Freelancer ne parvenait en effet à convaincre vraiment aucun des deux clans sus-nommés. Certains lui reprochaient un manque de profondeur dans la simulation alors que les autres pestaient contre un maniement à la souris bien incapable de leur faire ressentir la moindre tension même au plus fort de la bataille. Alors que cet essai moyennement convaincant des frères Roberts avait déjà eu toutes les peines du monde à voir le jour, les éditeurs semblent tout simplement bouder le genre de la simulation spatiale et c'est donc d'une petite équipe allemande que la surprise est venue avec ce X2, sur le papier particulièrement ambitieux.
C'est l'histoire d'un mec
Contrairement à ce que l'on pourrait croire en France, X2 : The Threat n'est pas tout à fait un coup d'essai pour les petits gars d'EgoSoft qui ont déjà signé il y a quelques années un certain X : Beyond The Frontier. Plutôt bien apprécié en Allemagne et au Royaume-Uni, le jeu s'était d'ailleurs vendu à quelques 150.000 exemplaires, de quoi pousser les développeurs à se remettre au travail. X2 : The Threat ne doit cependant pas être considéré comme une vraie suite à X : Beyond The Frontier.
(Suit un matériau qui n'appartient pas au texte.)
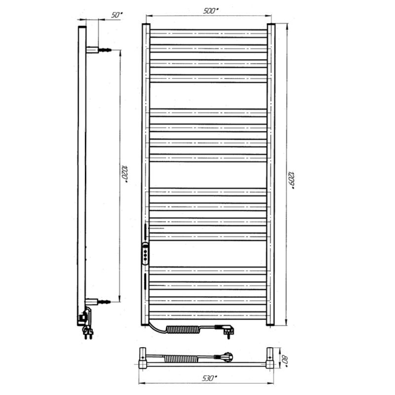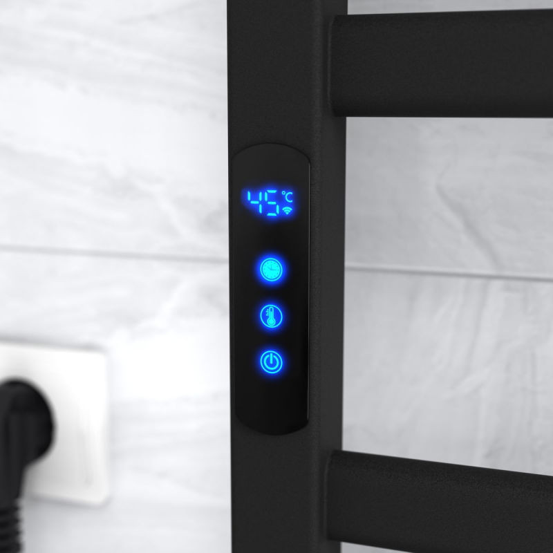 Особливості: керує нагріванням електрорушникосушки мікропроцесорний термоконтролер (сенсорне управління або через Wi-Fi). Для початку роботи необхідно включити сушарку для рушників і задати температуру роботи приладу в градусах від 30 до 55°С (з кроком 5°С). Термодатчик контролює температуру поверхні сушки для рушників, що виключає можливість його перегріву. Серед переваг регулятора – можливість керувати терморегулятором за допомогою Wi-Fi, наявність таймера відключення (1-12h) та пам'ять режиму роботи.

Les scénarios ne sont absolument pas liés l'un à l'autre et le joueur y incarne un personnage complètement différent du nom de Julian Garda. Alors que celui-ci vient d'être condamné à une peine de cinq ans de prison, il est conduit au près d'un dénommé Ban Danna, cadre de la puissante firme TerraCorp. Ce dernier connaît bien le parcours de Garda et en dehors de ses "états de service" en contradiction avec la loi, il a surtout repéré les excellentes aptitudes de pilote du jeune homme. En lieu et place d'un séjour au fond d'un cachot, il propose donc à notre Julian un petit marché : si ce dernier accepte de voler pour lui et remplir quelques petites missions, il pourra rester libre.Julian accepte évidemment sans hésiter la proposition et peut alors prendre place dans le premier vaisseau du jeu : un Argon Discoverer, appareil de classe M5 peu puissant mais très maniable et plutôt rapide. Cet embarquement s'accompagne d'un objectif tout à fait basique qui constitue en réalité la première place d'un scénario de longue haleine mais hélas pas particulièrement passionnant. On reste très loin de ce que pouvait proposer un bon vieux Privateer mais et c'est un changement particulièrement appréciable après la pénible linéarité de Freelancer, le scénario est en réalité parfaitement facultatif. Il faut en effet savoir qu'à aucun moment le jeu ne vous oblige à remplir telle ou telle mission pour avoir le droit d'aller plus loin. A la manière de ce que l'on trouvait avec Fontier : First Encounters (Elite 3), le joueur est libre de suivre la voie qui lui convient même si de temps à autres les développeurs ont intégré de petits commentaires destinés à guider les moins aguerris d'entre nous : le scénario principal ne vous intéresse pas ? Qu'à cela ne tienne, les carrières de marchand, de pirates, de chasseur prime ou bien encore d'entrepreneur s'offrent à vous !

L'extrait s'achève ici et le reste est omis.